> [Your goal] Reproduce the listing below exactly. Pictures do not belong in the copy.
┄┄┄┄┄┄
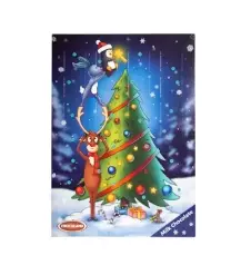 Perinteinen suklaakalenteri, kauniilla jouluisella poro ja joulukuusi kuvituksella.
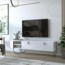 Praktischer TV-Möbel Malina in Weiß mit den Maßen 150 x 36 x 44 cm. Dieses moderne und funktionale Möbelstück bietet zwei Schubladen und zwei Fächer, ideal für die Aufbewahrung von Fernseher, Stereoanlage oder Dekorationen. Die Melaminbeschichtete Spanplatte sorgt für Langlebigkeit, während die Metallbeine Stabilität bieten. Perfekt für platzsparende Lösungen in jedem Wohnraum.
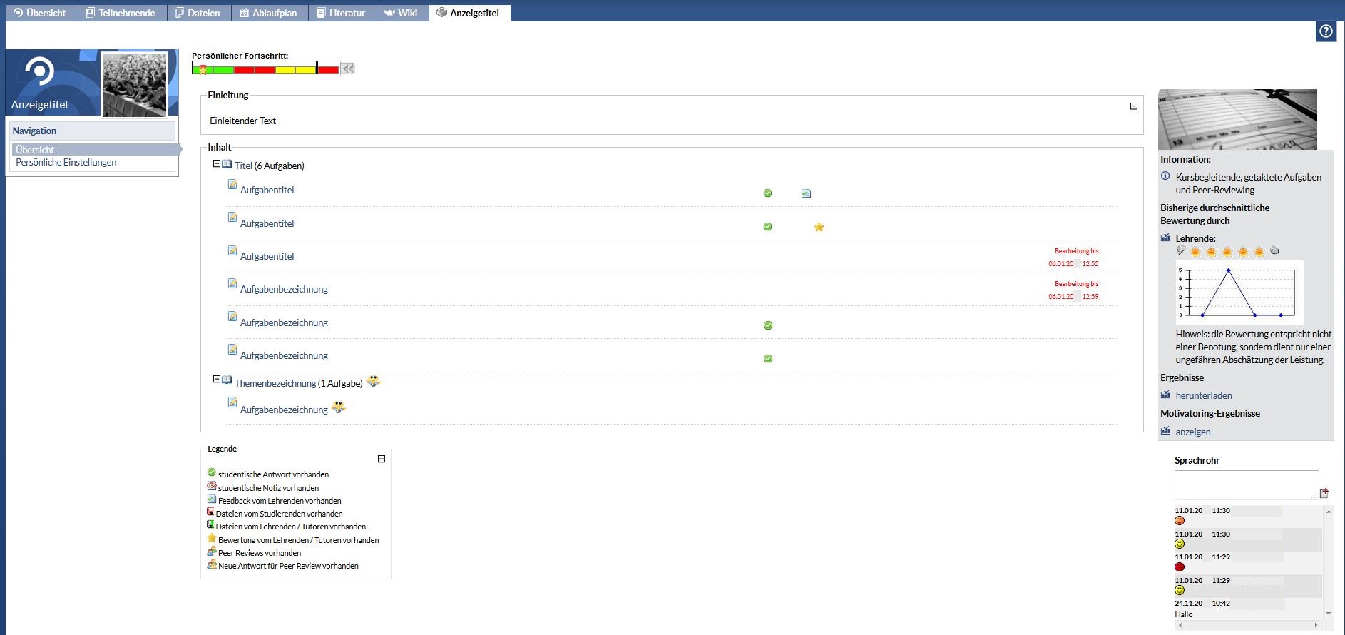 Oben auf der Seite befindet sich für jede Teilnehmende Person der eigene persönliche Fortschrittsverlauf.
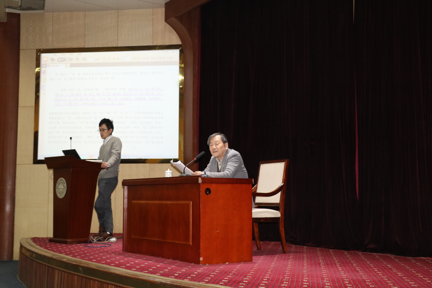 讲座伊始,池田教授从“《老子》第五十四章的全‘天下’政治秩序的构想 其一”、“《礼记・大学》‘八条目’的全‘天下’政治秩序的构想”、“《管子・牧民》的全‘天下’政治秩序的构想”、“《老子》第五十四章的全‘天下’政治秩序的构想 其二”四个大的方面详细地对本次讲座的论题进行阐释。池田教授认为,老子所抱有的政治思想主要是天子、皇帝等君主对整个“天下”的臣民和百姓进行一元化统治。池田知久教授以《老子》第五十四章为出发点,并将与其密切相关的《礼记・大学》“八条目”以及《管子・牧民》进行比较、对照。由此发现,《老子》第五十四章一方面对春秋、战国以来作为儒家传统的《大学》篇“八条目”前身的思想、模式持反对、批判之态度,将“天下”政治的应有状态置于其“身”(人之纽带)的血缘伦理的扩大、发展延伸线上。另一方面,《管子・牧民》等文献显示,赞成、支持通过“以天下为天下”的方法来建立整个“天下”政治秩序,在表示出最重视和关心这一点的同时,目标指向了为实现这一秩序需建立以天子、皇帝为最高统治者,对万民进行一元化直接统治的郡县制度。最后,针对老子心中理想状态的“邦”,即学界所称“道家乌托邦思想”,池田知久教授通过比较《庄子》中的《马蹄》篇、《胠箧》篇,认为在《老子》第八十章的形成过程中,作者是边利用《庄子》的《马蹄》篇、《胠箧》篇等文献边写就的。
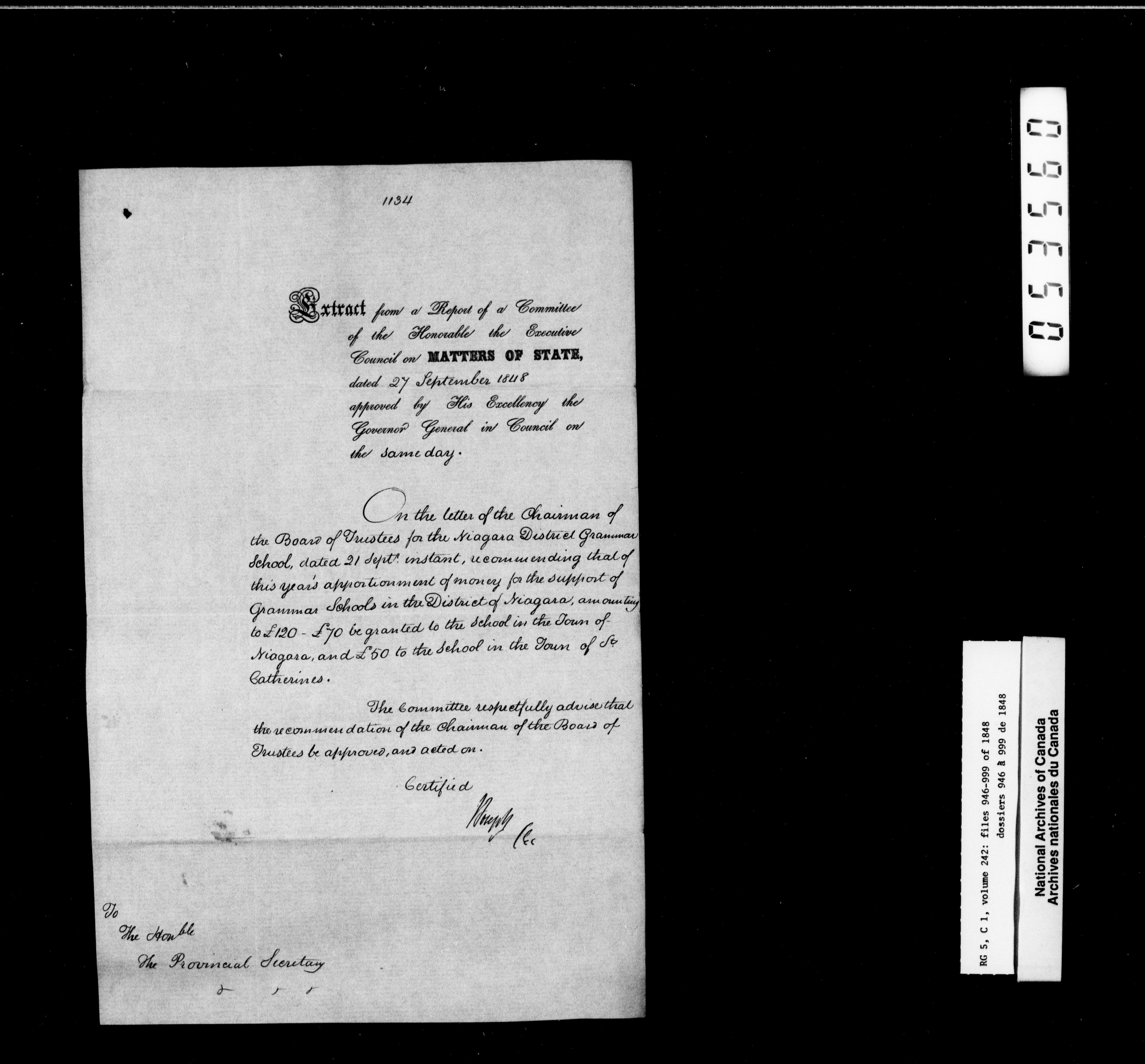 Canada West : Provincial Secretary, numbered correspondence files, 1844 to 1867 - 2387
┄┄┄┄┄┄
> [Completed exercise]
 Perinteinen suklaakalenteri, kauniilla jouluisella poro ja joulukuusi kuvituksella.
 Praktischer TV-Möbel Malina in Weiß mit den Maßen 150 x 36 x 44 cm. Dieses moderne und funktionale Möbelstück bietet zwei Schubladen und zwei Fächer, ideal für die Aufbewahrung von Fernseher, Stereoanlage oder Dekorationen. Die Melaminbeschichtete Spanplatte sorgt für Langlebigkeit, während die Metallbeine Stabilität bieten. Perfekt für platzsparende Lösungen in jedem Wohnraum.
 Oben auf der Seite befindet sich für jede Teilnehmende Person der eigene persönliche Fortschrittsverlauf.
 讲座伊始,池田教授从“《老子》第五十四章的全‘天下’政治秩序的构想 其一”、“《礼记・大学》‘八条目’的全‘天下’政治秩序的构想”、“《管子・牧民》的全‘天下’政治秩序的构想”、“《老子》第五十四章的全‘天下’政治秩序的构想 其二”四个大的方面详细地对本次讲座的论题进行阐释。池田教授认为,老子所抱有的政治思想主要是天子、皇帝等君主对整个“天下”的臣民和百姓进行一元化统治。池田知久教授以《老子》第五十四章为出发点,并将与其密切相关的《礼记・大学》“八条目”以及《管子・牧民》进行比较、对照。由此发现,《老子》第五十四章一方面对春秋、战国以来作为儒家传统的《大学》篇“八条目”前身的思想、模式持反对、批判之态度,将“天下”政治的应有状态置于其“身”(人之纽带)的血缘伦理的扩大、发展延伸线上。另一方面,《管子・牧民》等文献显示,赞成、支持通过“以天下为天下”的方法来建立整个“天下”政治秩序,在表示出最重视和关心这一点的同时,目标指向了为实现这一秩序需建立以天子、皇帝为最高统治者,对万民进行一元化直接统治的郡县制度。最后,针对老子心中理想状态的“邦”,即学界所称“道家乌托邦思想”,池田知久教授通过比较《庄子》中的《马蹄》篇、《胠箧》篇,认为在《老子》第八十章的形成过程中,作者是边利用《庄子》的《马蹄》篇、《胠箧》篇等文献边写就的。
 Canada West : Provincial Secretary, numbered correspondence files, 1844 to 1867 - 2387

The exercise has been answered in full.